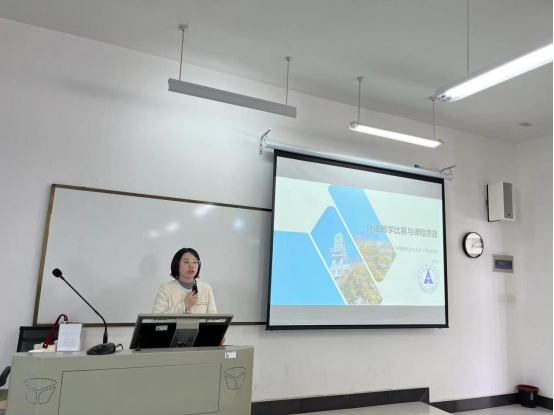 张琦老师首先对外研社、外教社及湖北省高校青年教师讲课大赛等比赛的特点进行了介绍并展示了比赛相关的教案、视频,同时指出通过互联网获取比赛相关资源是了解比赛性质、学习相关经验的绝佳途径。通过参加青教赛,张琦老师总结出了参加比赛的几大经验和好处:一定要组建团队;实现个人能力突破;打造精品课程;营造良好氛围;和同行分享经验;助力后期课程建设等。
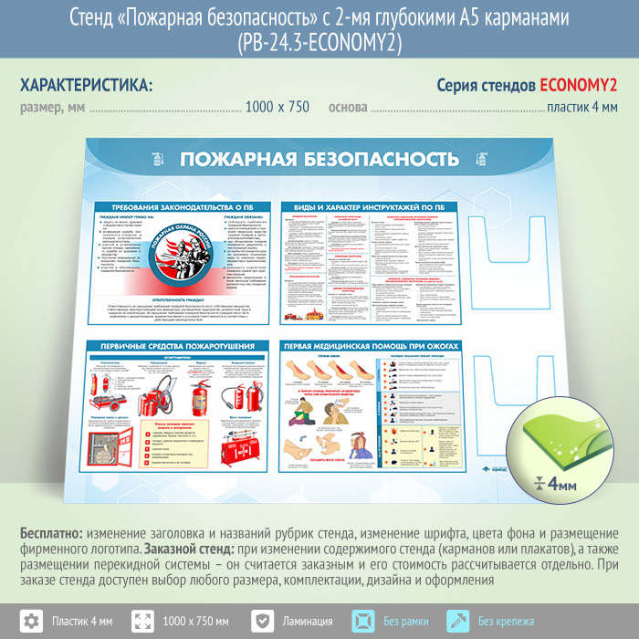 Стенд «Пожарная безопасность» с 2-мя глубокими А5 карманами (PB-24.3-ECONOMY2) в Твери купить
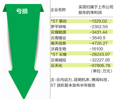 31家上市公司年中報顯示為虧損狀態(tài)的企業(yè)有9家,包括云南鍺業(yè)、云南城投、沃森生物、云煤能源、*ST云維、云天化、*ST景谷、南天信息、羅平鋅電。其中,云天化虧損最為嚴重,是9家虧損企業(yè)中虧損金額最大,利潤跌幅最高的企業(yè)。
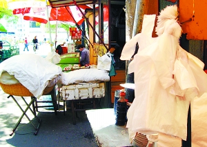 记者近日在北京市宣武区老墙根菜市场看到,来这里买菜的人走出市场时,每人手里都提着几个装着菜的各种颜色的超薄塑料袋。记者发现,顾客在市场里买菜时,每买上一样菜,卖菜的摊主就拿出一个超薄塑料袋把菜装上,一会儿工夫,顾客手里就提了好几个塑料袋。
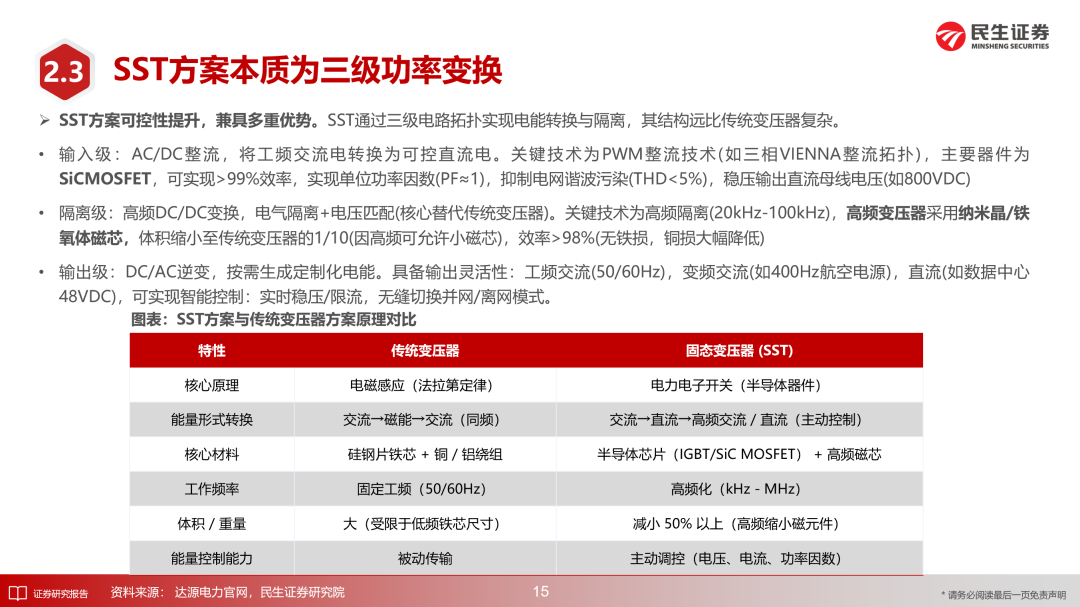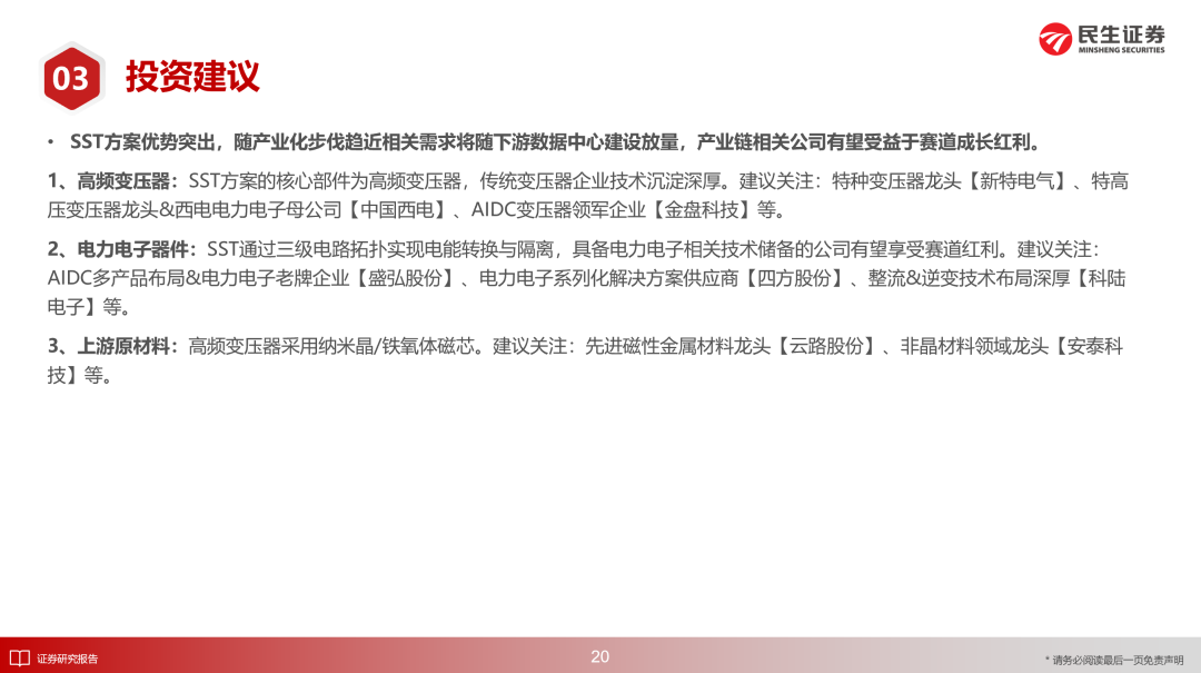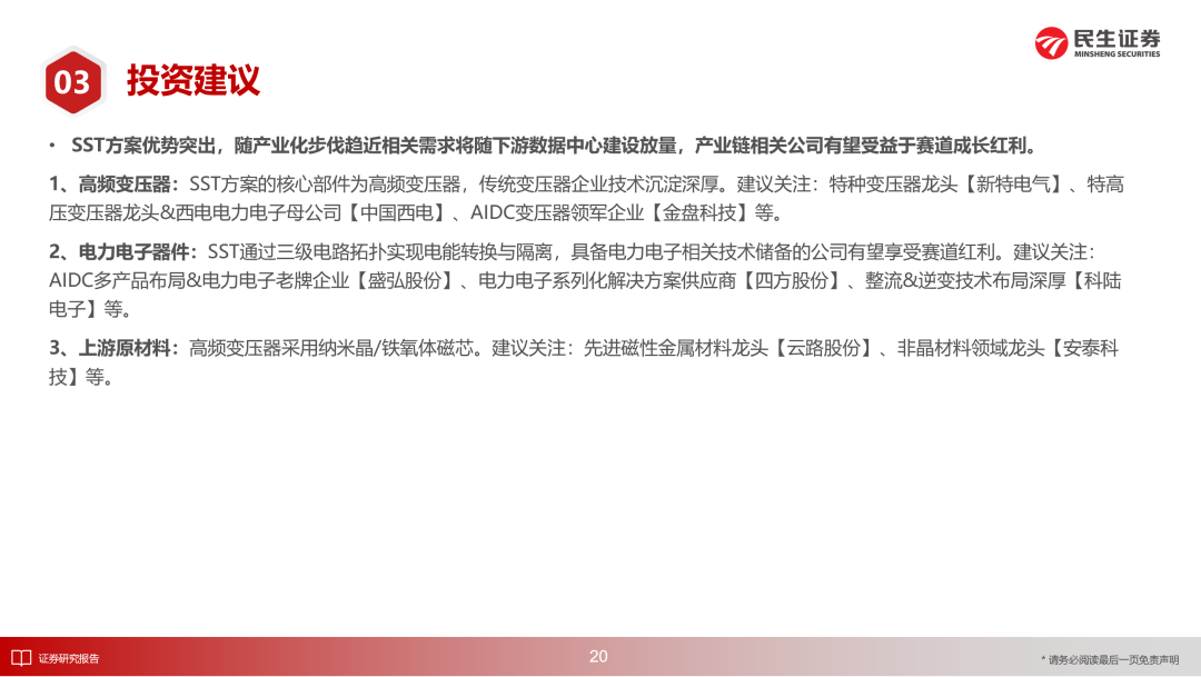 1、高频变压器:SST方案的核心部件为高频变压器,传统变压器企业技术沉淀深厚。建议关注:特种变压器龙头【新特电气】、特高压变压器龙头&西电电力电子母公司【中国西电】、AIDC变压器领军企业【金盘科技】等。

* [The task]: Could you return, word for word, every line from the line with "记者近日在北京市宣武区老墙根" through the last line of the listing above, both ends included, without any pictures?

* [Output below]:
 记者近日在北京市宣武区老墙根菜市场看到,来这里买菜的人走出市场时,每人手里都提着几个装着菜的各种颜色的超薄塑料袋。记者发现,顾客在市场里买菜时,每买上一样菜,卖菜的摊主就拿出一个超薄塑料袋把菜装上,一会儿工夫,顾客手里就提了好几个塑料袋。
 1、高频变压器:SST方案的核心部件为高频变压器,传统变压器企业技术沉淀深厚。建议关注:特种变压器龙头【新特电气】、特高压变压器龙头&西电电力电子母公司【中国西电】、AIDC变压器领军企业【金盘科技】等。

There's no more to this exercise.